Подскажите пожалуйста на счёт розлива. Как я знаю у 4-х голосных бывает 2 типа розлива. Это 16-8-8-8, и 16-8-8-4. Подскажите пожалуйста как они выглядят нарисованными, и какой будет лучше?


----------



## Vladimir Zh (7 Апр 2013)

Яков505 писал:


> какой (розлив) будет лучше?


Вопрос поставлен неправильно.
То, что Вы обозначили, как 16-8-8-4 (строевой голос, голос, настроенный чуть выше, голос на октаву верх и голос на октаву вниз), это обыкновенный рАзлив (у А.Мирека, по крайней мере, при обозначении данного сочетания голосов употреблена буква "А". Ему я доверяю больше). 
То, что Вы обозначили, как 16-8-8-8 (строевой голос, голос, настроенный чуть выше, голос, настроенный чуть ниже, и голос на октаву вверх) называется "французский разлив". Правда, встречается настройка, при которой строевой голос будет ниже двух разливных. 
Ни тот, ни другой разлив не лучше и не хуже.
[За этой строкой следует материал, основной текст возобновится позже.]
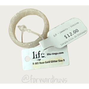 This listing offers a brand new with tags Life Rings rose gold glitter silicone ring in a size 9. This ring provides a stylish and practical alternative for individuals who cannot wear a metal ring due to safety reasons or simply prefer a non-metal option.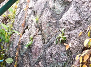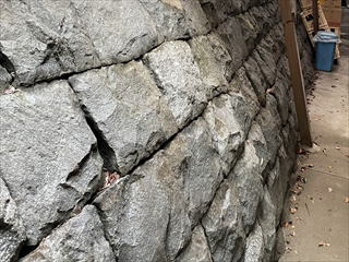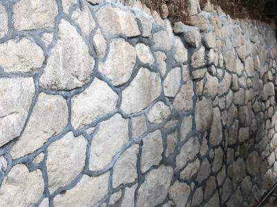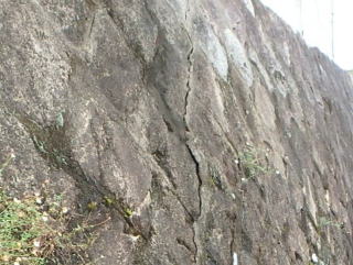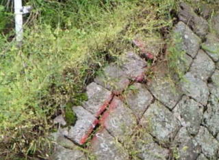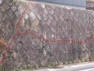 石積みの目地にモルタルを詰められている擁壁では、目地モルタルにひび割れが生じます

Это разные разливы. Мало того. Мне нередко приходится уменьшать разлив. Именно уменьшать, а не убирать. Т.к. на наше российское ухо разлив на немецком Weltmeistere звучит грубовато. Всё зависит от настройщика. На фабрике одни критерии настройки разлива, у Вас могут быть другие слуховые предпочтения. Можно сделать очень ярким, даже грубым, обыкновенный разлив. А можно приглушить, смягчить французский разлив.


----------



## Яков505 (7 Апр 2013)

Спасибо большое!


----------